By the way, when discussing phase change, we must not forget the existence of intermolecular force.
First of all, when a gas is cooled or compressed, it becomes a liquid (in rare instances changing directly to a solid). For example, when air is compressed and cooled, it becomes liquid air, and when carbon dioxide is cooled, it becomes a snow-like solid (dry ice). These phenomena indicate that the molecules attract each other.
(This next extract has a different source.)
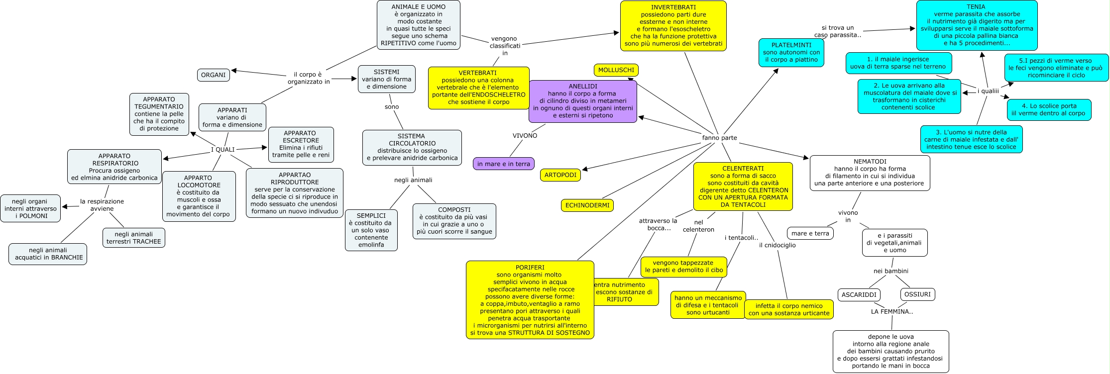 Questa Cmap, creata con IHMC CmapTools, contiene informazioni relative a: beppe un modello comune 1.cmap, ASCARIDDI LA FEMMINA.. depone le uova intorno alla regione anale dei bambini causando prurito e dopo essersi grattati infestandosi portando le mani in bocca, e i parassiti di vegetali,animali e uomo nei bambini OSSIURI, APPARATO RESPIRATORIO Procura ossigeno ed elmina anidride carbonica la respirazione avviene negli animali terrestri TRACHEE, NEMATODI hanno il corpo ha forma di filamento in cui si individua una parte anteriore e una posteriore vivono in e i parassiti di vegetali,animali e uomo, APPARATO RESPIRATORIO Procura ossigeno ed elmina anidride carbonica la respirazione avviene negli animali acquatici in BRANCHIE, APPARATI variano di forma e dimensione I QUALI APPARTO LOCOMOTORE è costituito da muscoli e ossa e garantisce il movimento del corpo, ANIMALE E UOMO è organizzato in modo costante in quasi tutte le speci segue uno schema RIPETITIVO come l'uomo vengono classificati in INVERTEBRATI possiedono parti dure essterne e non interne e formano l'esoscheletro che ha la funzione protettiva sono più numerosi dei vertebrati, APPARATI variano di forma e dimensione I QUALI APPARATO TEGUMENTARIO contiene la pelle che ha il compito di protezione, CELENTERATI sono a forma di sacco sono costituiti da cavità digerente detto CELENTERON CON UN APERTURA FORMATA DA TENTACOLI attraverso la bocca... entra nutrimento ma escono sostanze di RIFIUTO, OSSIURI LA FEMMINA.. depone le uova intorno alla regione anale dei bambini causando prurito e dopo essersi grattati infestandosi portando le mani in bocca, 1. il maiale ingerisce uova di terra sparse nel terreno i qualiii 2. Le uova arrivano alla muscolatura del maiale dove si trasformano in cisterichi contenenti scolice, INVERTEBRATI possiedono parti dure essterne e non interne e formano l'esoscheletro che ha la funzione protettiva sono più numerosi dei vertebrati fanno parte PORIFERI sono organismi molto semplici vivono in acqua specifacatamente nelle rocce possono avere diverse forme: a coppa,imbuto,ventaglio a ramo presentano pori attraverso i quali penetra acqua trasportante i microrganismi per nutrirsi all'interno si trova una STRUTTURA DI SOSTEGNO, SISTEMA CIRCOLATORIO distribuisce lo ossigeno e prelevare anidride carbonica negli animali SEMPLICI è costituito da un solo vaso contenente emolinfa, INVERTEBRATI possiedono parti dure essterne e non interne e formano l'esoscheletro che ha la funzione protettiva sono più numerosi dei vertebrati fanno parte ECHINODERMI, INVERTEBRATI possiedono parti dure essterne e non interne e formano l'esoscheletro che ha la funzione protettiva sono più numerosi dei vertebrati fanno parte CELENTERATI sono a forma di sacco sono costituiti da cavità digerente detto CELENTERON CON UN APERTURA FORMATA DA TENTACOLI, INVERTEBRATI possiedono parti dure essterne e non interne e formano l'esoscheletro che ha la funzione protettiva sono più numerosi dei vertebrati fanno parte ARTOPODI, APPARATI variano di forma e dimensione I QUALI APPARATO ESCRETORE Elimina i rifiuti tramite pelle e reni, CELENTERATI sono a forma di sacco sono costituiti da cavità digerente detto CELENTERON CON UN APERTURA FORMATA DA TENTACOLI nel celenteron vengono tappezzate le pareti e demolito il cibo, INVERTEBRATI possiedono parti dure essterne e non interne e formano l'esoscheletro che ha la funzione protettiva sono più numerosi dei vertebrati fanno parte ANELLIDI hanno il corpo a forma di cilindro diviso in metameri in ognuno di questi organi interni e esterni si ripetono, 1. il maiale ingerisce uova di terra sparse nel terreno i qualiii 5.I pezzi di verme verso le feci vengono eliminate e può ricominciare il ciclo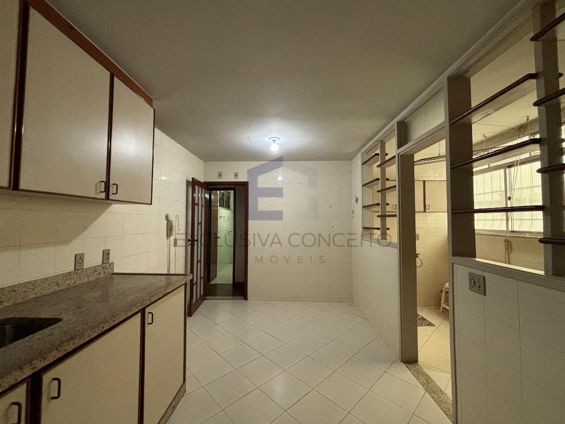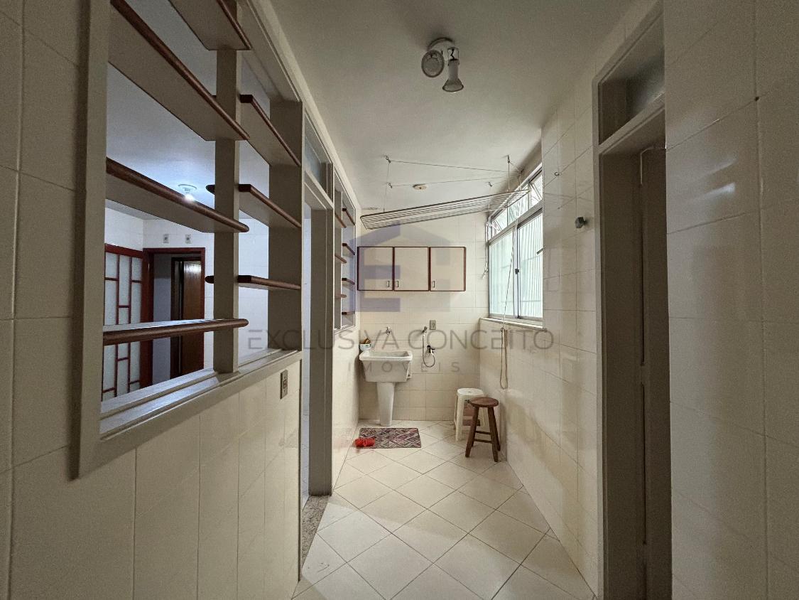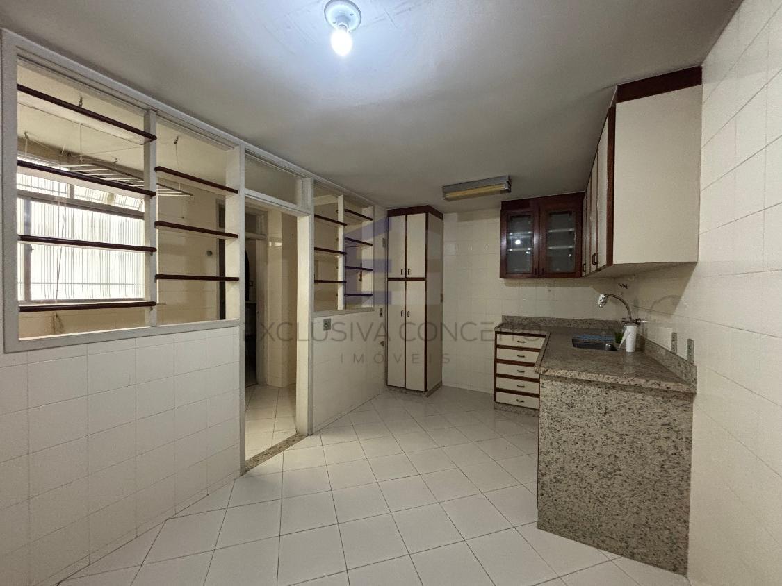 São 03 quartos, sendo 01 suíte, sala muito ampla em dois ambientes, rouparia no corredor, copa/cozinha, área de serviço ventilada e dependência completa.

This force is called intermolecular force, or Van der Waals force (Van der Waals, 1837 to 1923). This intermolecular force is created only when molecules are contiguous, and is rarely created when the intermolecular distance is great. Therefore, in solids and liquids, intermolecular force results in molecules being held almost immobile or merely able to flow. When the substance becomes a gas, the molecule can fly about almost freely (although within the range of mean free path (4) ). For example, butane (C4H10) boils at 10°C , and at room temperature is a gas, but is a liquid in a gas lighter. This is because the butane is compressed and put into the lighter, forcibly reducing the intermolecular distance between the butane molecules. This compression creates intermolecular force, forming a liquid and making it possible to insert 200 times as much butane into the lighter.

Fig. 3 1 mol of butane (liquid and gas) Fig. 4 Intermolecular distance
  Intermolecular force is strongly affected by intermolecular distance, and is inversely proportional to the intermolecular distance raised to the power of 7. For example, if the intermolecular distance is doubled, the intermolecular force becomes 1/27 , i.e., 1/128. Intermolecular distance is a weaker force than chemical bonds (ionic bonds (5) , covalent bonds (6) , and metallic bonds (7) ), but it is incomparably stronger than universal gravity. However, coming too close together creates repulsion force, so molecules can't approach closer than a certain uniform distance. The atomic radius determined from this distance is called the Van der Waals radius,which is considerably larger than the covalent bond radius.
  We don't have room to go more into detail on this subject here, so if you would like to go into more detail on any of these items, please refer to other sources.
  By the way, water undergoes a change in volume when changing from a liquid to a gaseous phase or to a solid phase, and because of that exerts an extremely strong mechanical force on its surroundings. Also, existing at the boundaries of the various changes are special characteristics such as the appropriate gain and loss of kinetic energy as latent heat (8) in cases in which there is no temperature change. Another current problem is that even when the amount of moisture is insufficient to cause problems as independent water, when combined with other major factors it can form a complex environment with properties that severely affect electrical and electronic products.